─── RECORDS ───

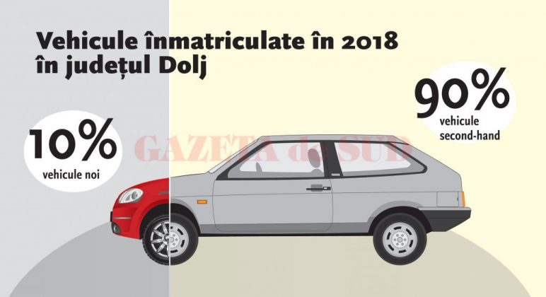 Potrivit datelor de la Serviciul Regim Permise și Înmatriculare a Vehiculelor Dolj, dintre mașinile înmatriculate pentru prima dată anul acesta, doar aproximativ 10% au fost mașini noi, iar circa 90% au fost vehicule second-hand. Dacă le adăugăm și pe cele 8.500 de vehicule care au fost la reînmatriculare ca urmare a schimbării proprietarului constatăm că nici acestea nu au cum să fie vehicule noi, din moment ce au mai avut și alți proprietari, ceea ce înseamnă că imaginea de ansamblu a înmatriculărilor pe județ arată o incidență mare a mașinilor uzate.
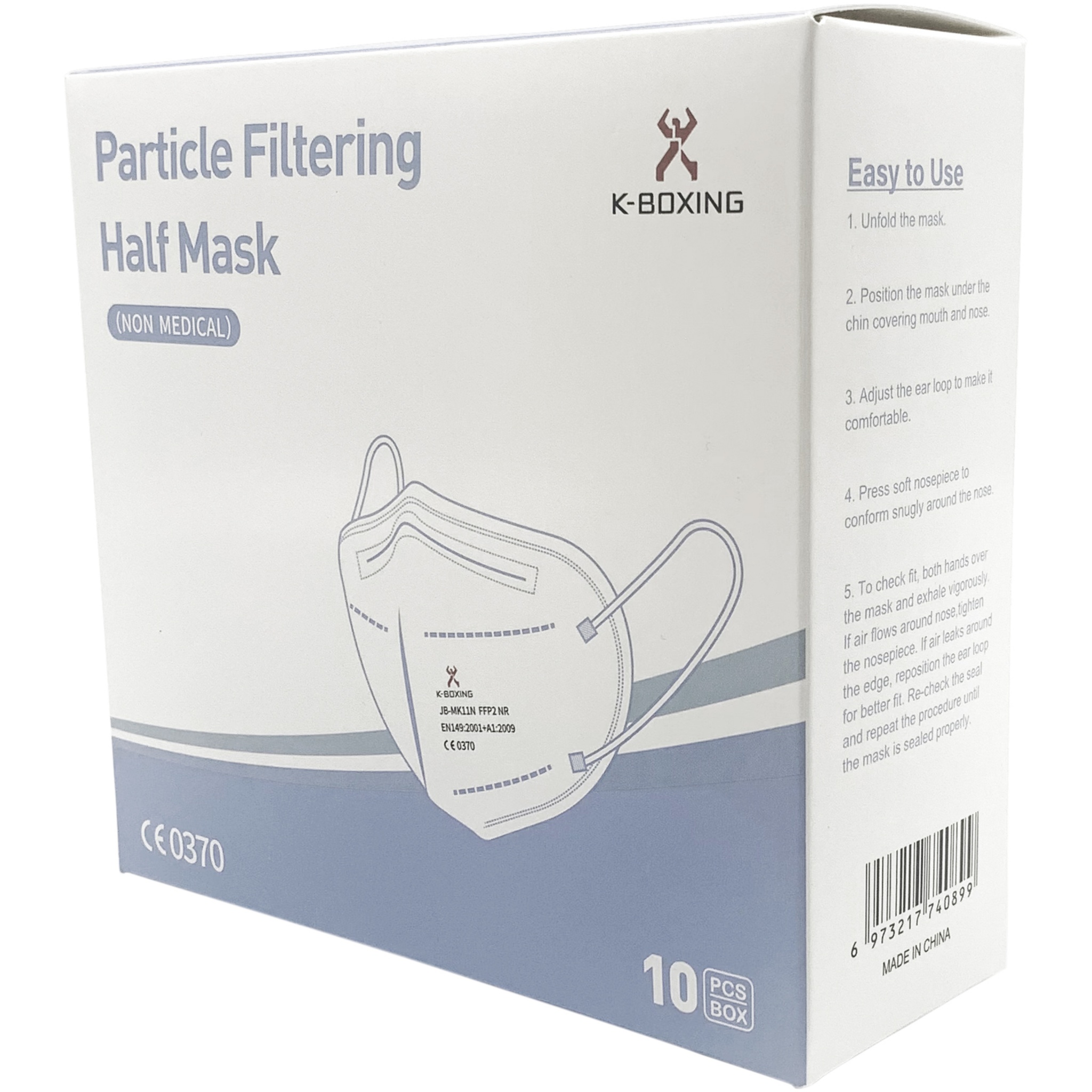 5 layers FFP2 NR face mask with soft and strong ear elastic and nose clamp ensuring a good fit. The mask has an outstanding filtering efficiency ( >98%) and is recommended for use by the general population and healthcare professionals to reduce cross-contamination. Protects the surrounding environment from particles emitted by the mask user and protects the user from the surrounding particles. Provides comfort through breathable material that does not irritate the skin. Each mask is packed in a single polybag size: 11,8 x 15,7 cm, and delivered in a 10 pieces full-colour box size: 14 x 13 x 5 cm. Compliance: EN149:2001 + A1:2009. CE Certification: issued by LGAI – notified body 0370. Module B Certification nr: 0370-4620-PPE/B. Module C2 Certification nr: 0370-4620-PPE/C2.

───
─── RECORDS ───

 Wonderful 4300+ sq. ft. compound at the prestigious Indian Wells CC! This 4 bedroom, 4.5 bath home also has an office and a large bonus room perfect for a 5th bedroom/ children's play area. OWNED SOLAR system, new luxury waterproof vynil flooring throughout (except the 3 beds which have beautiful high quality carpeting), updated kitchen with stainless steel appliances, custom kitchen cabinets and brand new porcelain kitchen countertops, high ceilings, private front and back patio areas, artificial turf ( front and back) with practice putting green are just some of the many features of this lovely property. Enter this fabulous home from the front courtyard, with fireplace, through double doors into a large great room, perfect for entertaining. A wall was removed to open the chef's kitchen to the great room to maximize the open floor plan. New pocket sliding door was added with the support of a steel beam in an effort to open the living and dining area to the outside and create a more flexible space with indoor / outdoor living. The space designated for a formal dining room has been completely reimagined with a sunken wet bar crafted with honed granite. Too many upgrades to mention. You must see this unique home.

───

WORK INSTRUCTIONS →
From the data above, return only the lines starting at the line that holds "Potrivit datelor de" and ending at the line that holds "5 layers FFP2", word for word and without pictures.

YOUR SOLUTION →
 Potrivit datelor de la Serviciul Regim Permise și Înmatriculare a Vehiculelor Dolj, dintre mașinile înmatriculate pentru prima dată anul acesta, doar aproximativ 10% au fost mașini noi, iar circa 90% au fost vehicule second-hand. Dacă le adăugăm și pe cele 8.500 de vehicule care au fost la reînmatriculare ca urmare a schimbării proprietarului constatăm că nici acestea nu au cum să fie vehicule noi, din moment ce au mai avut și alți proprietari, ceea ce înseamnă că imaginea de ansamblu a înmatriculărilor pe județ arată o incidență mare a mașinilor uzate.
 5 layers FFP2 NR face mask with soft and strong ear elastic and nose clamp ensuring a good fit. The mask has an outstanding filtering efficiency ( >98%) and is recommended for use by the general population and healthcare professionals to reduce cross-contamination. Protects the surrounding environment from particles emitted by the mask user and protects the user from the surrounding particles. Provides comfort through breathable material that does not irritate the skin. Each mask is packed in a single polybag size: 11,8 x 15,7 cm, and delivered in a 10 pieces full-colour box size: 14 x 13 x 5 cm. Compliance: EN149:2001 + A1:2009. CE Certification: issued by LGAI – notified body 0370. Module B Certification nr: 0370-4620-PPE/B. Module C2 Certification nr: 0370-4620-PPE/C2.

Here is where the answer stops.